Your copy should match the records below word for word and contain no pictures.

#### Records shown ####

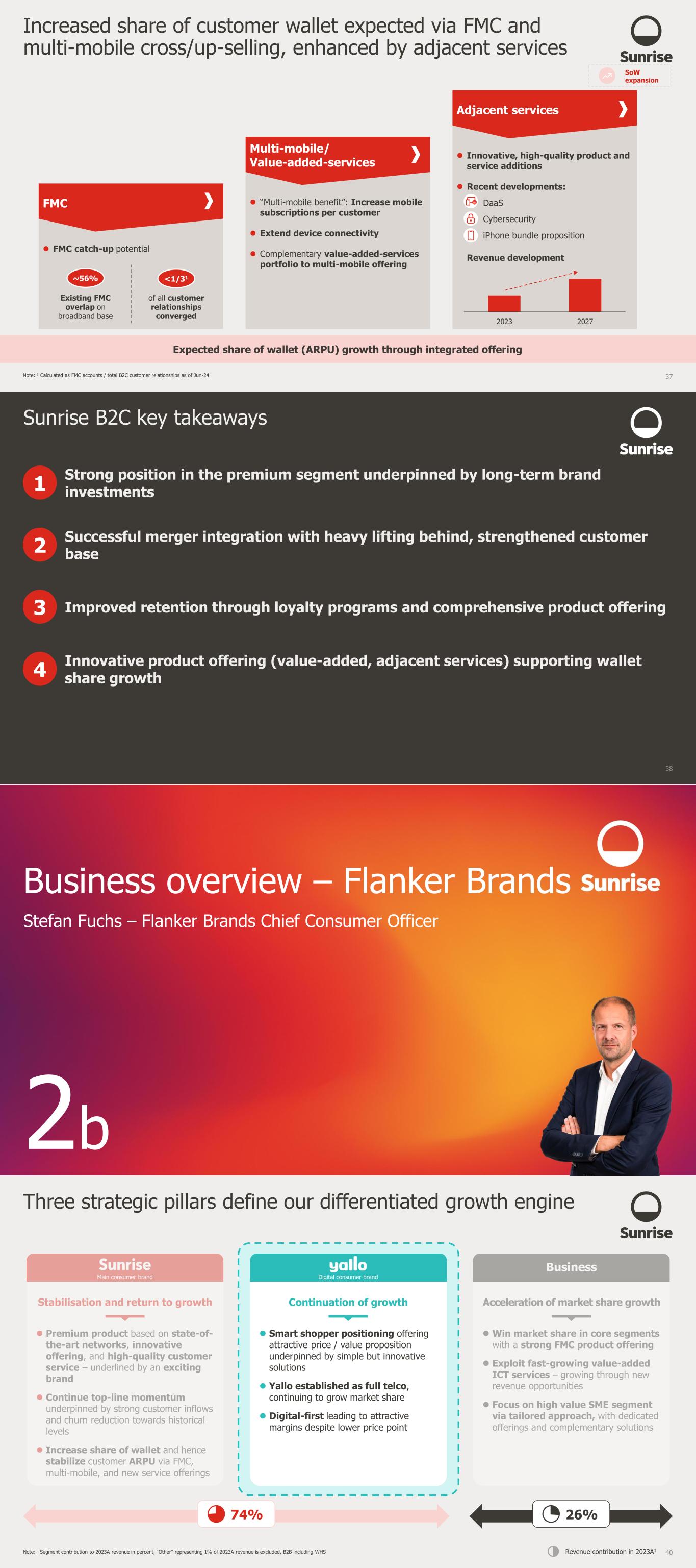 21 Our strategy is underpinned by well-defined targets to deliver Sunrise’s long-term vision GAIN MARKET SHARE IN CORE SEGMENT DEVELOP MORE RGU’S & EXTRA OPTIONS PER CUSTOMER DEVELOP NEW ADJACENT SERVICES FOR FURTHER GROWTH Leading fully-converged challenger Gross adds, FMC, multi-mobile Value-added services 22 Strong portfolio of brands support leading challenger position, strategically addressing each market segment High Low HighPerceived value Premium segment Smart shopper segment Budget segmentLow P e rc e iv e d p ri c e 55-65% 30-40% <5% Note: 1 Based on Sunrise estimates Estimated % of market1% • Main brand - strong challenger of Swisscom • Well-established premium position • High quality network • No-frills and digital first • Dynamic pricing • Attractive economics MVNOs / branded resellers Flanker brands Our multi-brand strategy targets different segments of the market Brand proposition Note: 1 Segment contribution to 2023A revenue in percent, “Other” representing 1% of 2023A revenue is excluded, B2B including WHS Continuation of growth ⚫ Smart shopper positioning offering attractive price / value proposition underpinned by simple but innovative solutions ⚫ Yallo established as full telco, continuing to grow market share ⚫ Digital-first leading to attractive margins despite lower price point Digital consumer brand Three strategic pillars define our differentiated growth engine Stabilisation and return to growth ⚫ Premium product based on state-of- the-art networks, innovative offering, and high-quality customer service – underlined by an exciting brand ⚫ Continue top-line momentum underpinned by strong customer inflows and churn reduction towards historical levels ⚫ Increase share of wallet and hence stabilize customer ARPU via FMC, multi-mobile, and new service offerings Main consumer brand Acceleration of market share growth ⚫ Win market share in core segments with a strong FMC product offering ⚫ Exploit fast-growing value-added ICT services – growing through new revenue opportunities ⚫ Focus on high value SME segment via tailored approach, with dedicated offerings and complementary solutions Business 74% 26% Revenue contribution in 2023A1 23 Business overview – Main Brand Christoph Richartz – Main Brand Chief Consumer Officer 2a
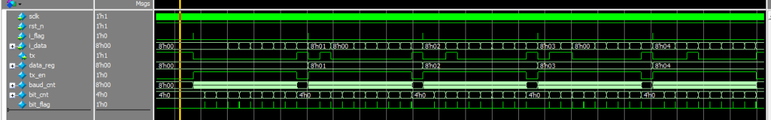 起始位發(fā)送要與tx_en同步。假設(shè)條件使用tx_en判斷,則會(huì)比tx_en慢一拍。
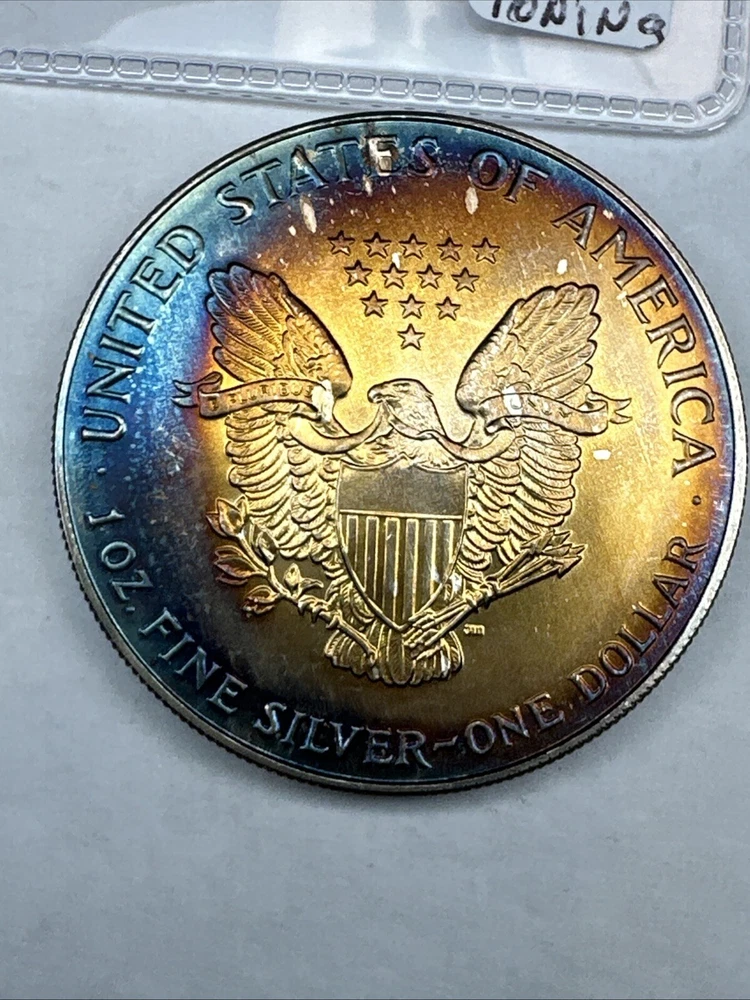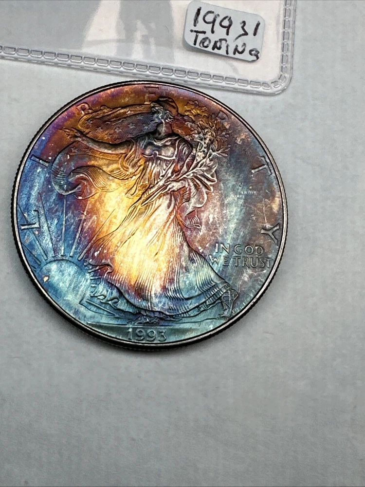This is a 1993 American Silver Eagle coin minted by the U.S. Mint. It contains 1 oz of .999 fine silver with cool rainbow toning. The coin is uncirculated and comes in ungraded condition. It features the iconic American Eagle design and is a popular choice among bullion collectors and investors. Cool Rainbow Monster Toning.
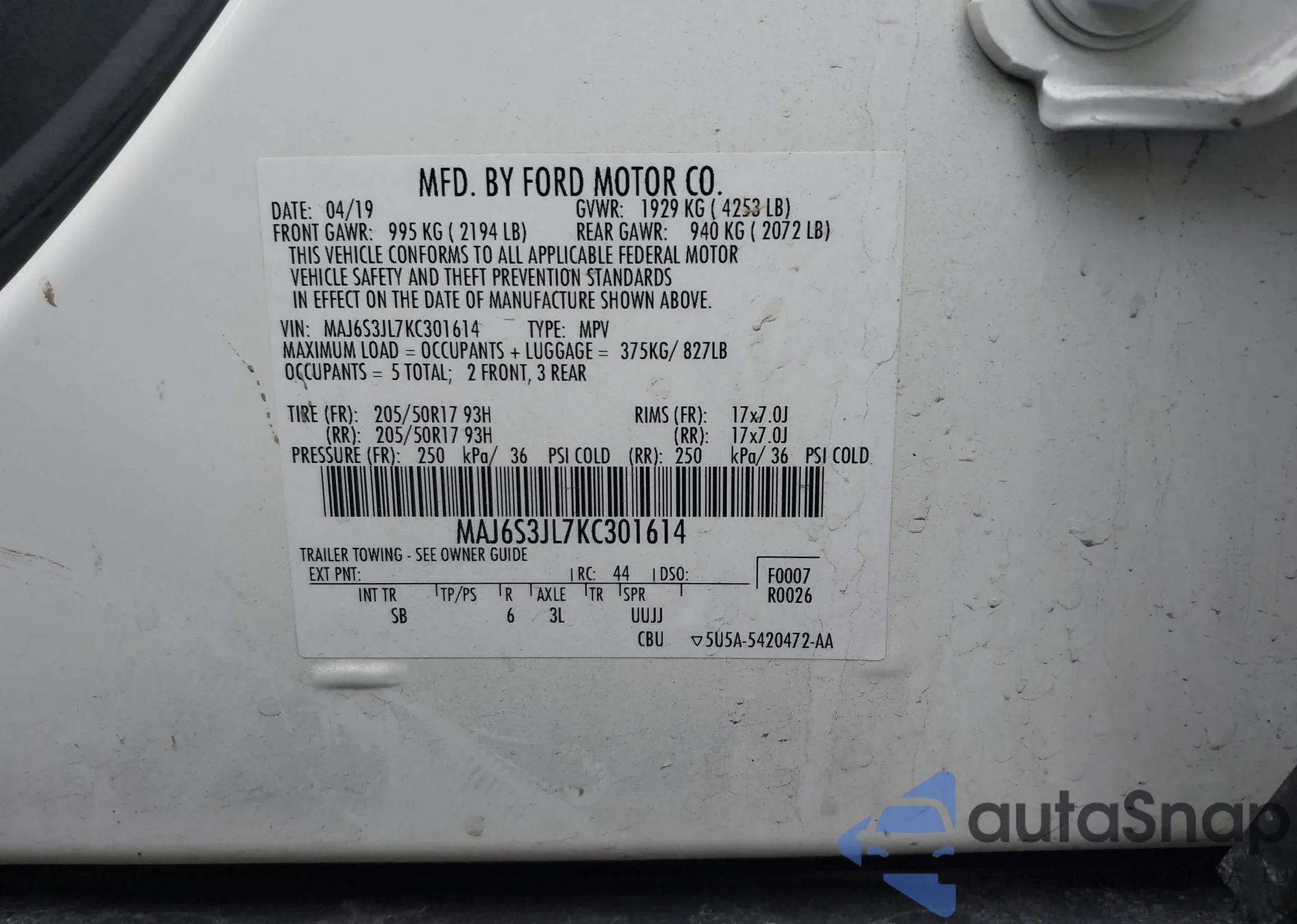 • VIN MAJ6S3JL7KC301614
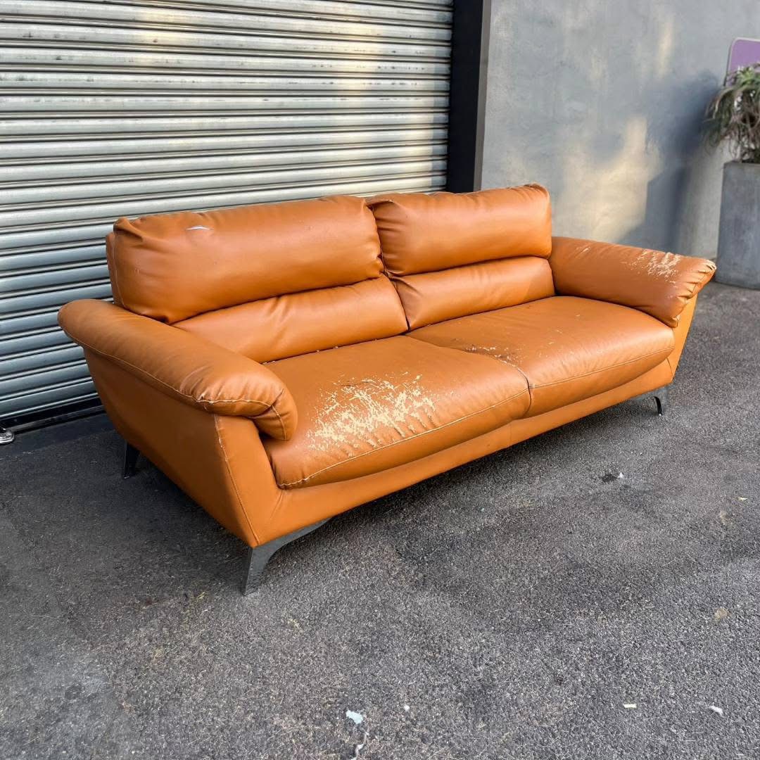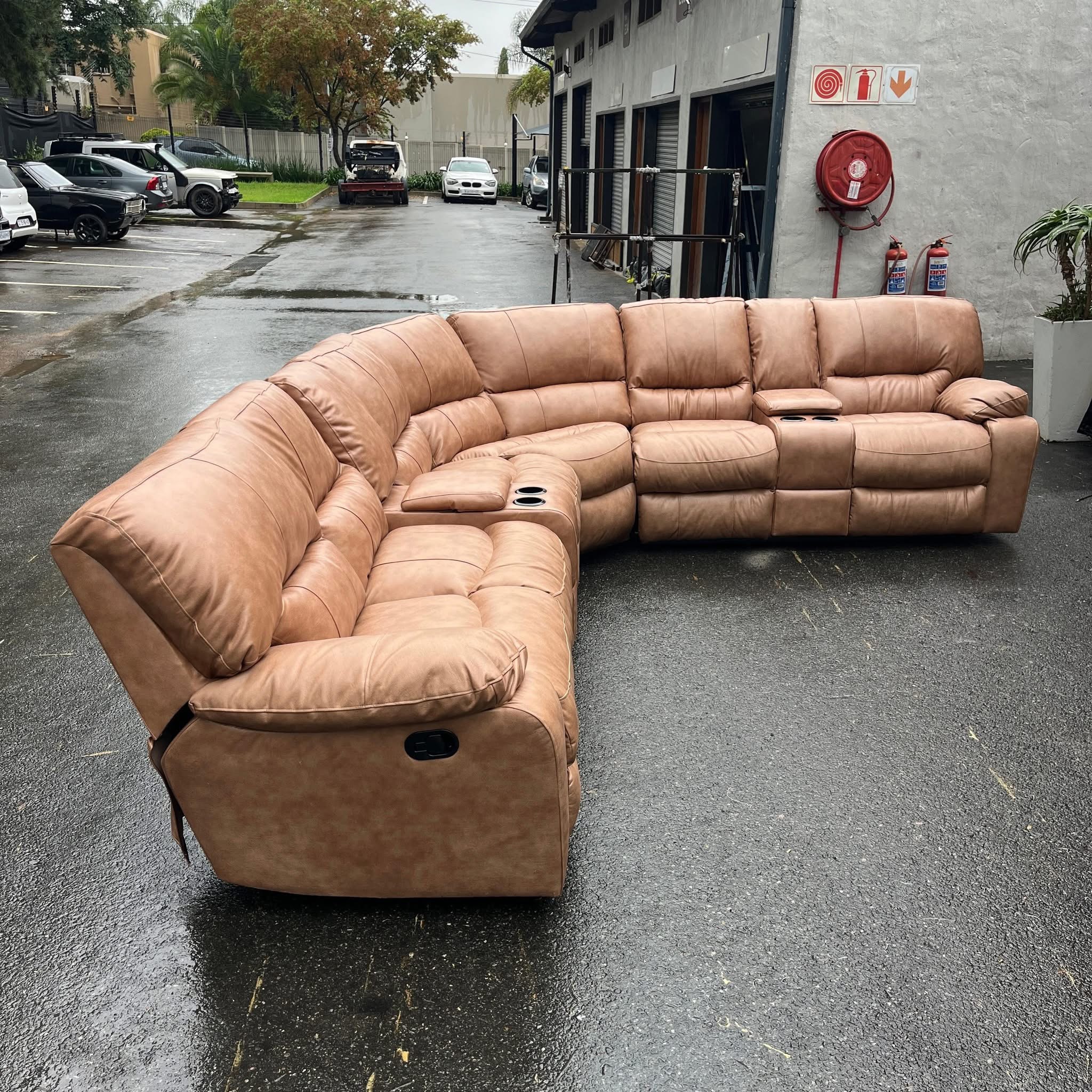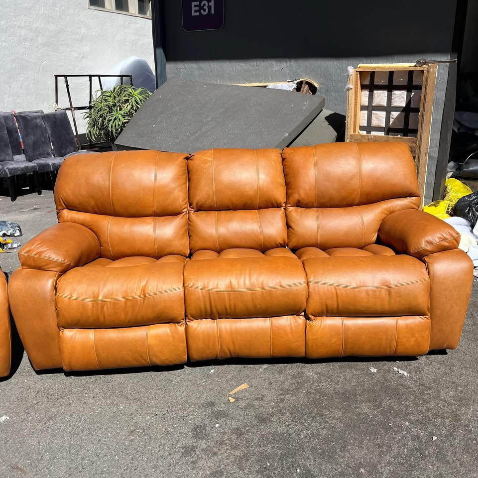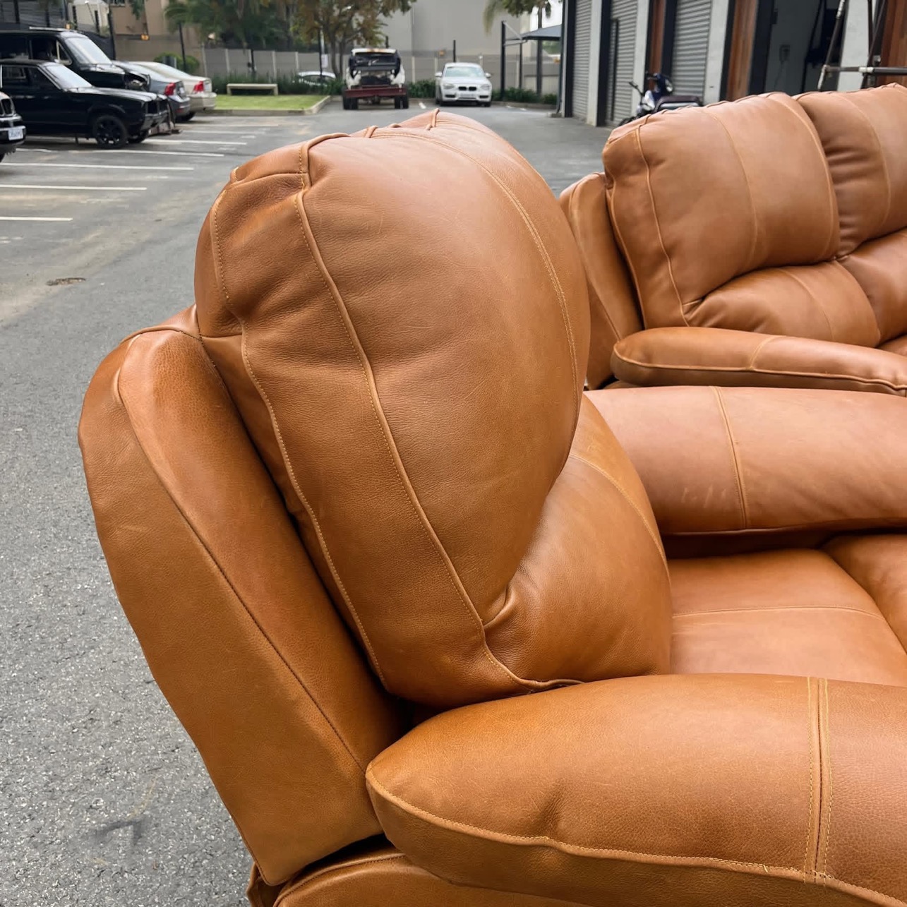 Transform your space with out stunning C-Shaped Recliner! From dated brown to elegent beige buffalo leather, this makeover brings comfort and style to your home ✨️👌

####

[Result]:
 21 Our strategy is underpinned by well-defined targets to deliver Sunrise’s long-term vision GAIN MARKET SHARE IN CORE SEGMENT DEVELOP MORE RGU’S & EXTRA OPTIONS PER CUSTOMER DEVELOP NEW ADJACENT SERVICES FOR FURTHER GROWTH Leading fully-converged challenger Gross adds, FMC, multi-mobile Value-added services 22 Strong portfolio of brands support leading challenger position, strategically addressing each market segment High Low HighPerceived value Premium segment Smart shopper segment Budget segmentLow P e rc e iv e d p ri c e 55-65% 30-40% <5% Note: 1 Based on Sunrise estimates Estimated % of market1% • Main brand - strong challenger of Swisscom • Well-established premium position • High quality network • No-frills and digital first • Dynamic pricing • Attractive economics MVNOs / branded resellers Flanker brands Our multi-brand strategy targets different segments of the market Brand proposition Note: 1 Segment contribution to 2023A revenue in percent, “Other” representing 1% of 2023A revenue is excluded, B2B including WHS Continuation of growth ⚫ Smart shopper positioning offering attractive price / value proposition underpinned by simple but innovative solutions ⚫ Yallo established as full telco, continuing to grow market share ⚫ Digital-first leading to attractive margins despite lower price point Digital consumer brand Three strategic pillars define our differentiated growth engine Stabilisation and return to growth ⚫ Premium product based on state-of- the-art networks, innovative offering, and high-quality customer service – underlined by an exciting brand ⚫ Continue top-line momentum underpinned by strong customer inflows and churn reduction towards historical levels ⚫ Increase share of wallet and hence stabilize customer ARPU via FMC, multi-mobile, and new service offerings Main consumer brand Acceleration of market share growth ⚫ Win market share in core segments with a strong FMC product offering ⚫ Exploit fast-growing value-added ICT services – growing through new revenue opportunities ⚫ Focus on high value SME segment via tailored approach, with dedicated offerings and complementary solutions Business 74% 26% Revenue contribution in 2023A1 23 Business overview – Main Brand Christoph Richartz – Main Brand Chief Consumer Officer 2a
 起始位發(fā)送要與tx_en同步。假設(shè)條件使用tx_en判斷,則會(huì)比tx_en慢一拍。
This is a 1993 American Silver Eagle coin minted by the U.S. Mint. It contains 1 oz of .999 fine silver with cool rainbow toning. The coin is uncirculated and comes in ungraded condition. It features the iconic American Eagle design and is a popular choice among bullion collectors and investors. Cool Rainbow Monster Toning.
 • VIN MAJ6S3JL7KC301614
 Transform your space with out stunning C-Shaped Recliner! From dated brown to elegent beige buffalo leather, this makeover brings comfort and style to your home ✨️👌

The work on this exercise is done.